[Start of Attachment]
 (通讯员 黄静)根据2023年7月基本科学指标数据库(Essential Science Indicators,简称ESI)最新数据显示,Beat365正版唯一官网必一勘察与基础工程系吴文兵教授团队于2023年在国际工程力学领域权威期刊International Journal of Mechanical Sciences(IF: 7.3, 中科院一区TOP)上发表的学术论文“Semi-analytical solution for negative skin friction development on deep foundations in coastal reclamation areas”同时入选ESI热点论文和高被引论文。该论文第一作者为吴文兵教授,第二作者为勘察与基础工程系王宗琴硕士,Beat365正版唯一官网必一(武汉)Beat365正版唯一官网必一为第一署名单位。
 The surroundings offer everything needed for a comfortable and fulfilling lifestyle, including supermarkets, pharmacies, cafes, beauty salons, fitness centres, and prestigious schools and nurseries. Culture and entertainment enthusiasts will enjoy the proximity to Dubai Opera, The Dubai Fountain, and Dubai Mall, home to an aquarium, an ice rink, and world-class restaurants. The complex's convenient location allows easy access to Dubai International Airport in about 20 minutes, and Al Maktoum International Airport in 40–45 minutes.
[End of Attachment]
[Start of Attachment]
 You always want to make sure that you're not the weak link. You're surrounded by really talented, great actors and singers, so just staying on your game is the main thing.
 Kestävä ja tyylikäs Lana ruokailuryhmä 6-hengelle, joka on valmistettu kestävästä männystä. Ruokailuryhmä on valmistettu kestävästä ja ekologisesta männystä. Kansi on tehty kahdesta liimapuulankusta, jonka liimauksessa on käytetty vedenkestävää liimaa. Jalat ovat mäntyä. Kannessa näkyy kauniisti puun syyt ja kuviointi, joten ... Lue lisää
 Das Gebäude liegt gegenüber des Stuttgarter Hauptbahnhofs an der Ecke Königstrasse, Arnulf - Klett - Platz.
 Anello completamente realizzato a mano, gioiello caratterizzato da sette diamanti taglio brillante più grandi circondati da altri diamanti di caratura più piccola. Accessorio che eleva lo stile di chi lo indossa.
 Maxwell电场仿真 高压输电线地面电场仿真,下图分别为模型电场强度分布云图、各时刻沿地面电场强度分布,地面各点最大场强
[End of Attachment]
_Required work_
Your answer should consist solely of the lines above from the line with "Kestävä ja tyylikäs" to the line with "Das Gebäude liegt", both included, reproduced exactly.

_Solution for this exercise_
 Kestävä ja tyylikäs Lana ruokailuryhmä 6-hengelle, joka on valmistettu kestävästä männystä. Ruokailuryhmä on valmistettu kestävästä ja ekologisesta männystä. Kansi on tehty kahdesta liimapuulankusta, jonka liimauksessa on käytetty vedenkestävää liimaa. Jalat ovat mäntyä. Kannessa näkyy kauniisti puun syyt ja kuviointi, joten ... Lue lisää
 Das Gebäude liegt gegenüber des Stuttgarter Hauptbahnhofs an der Ecke Königstrasse, Arnulf - Klett - Platz.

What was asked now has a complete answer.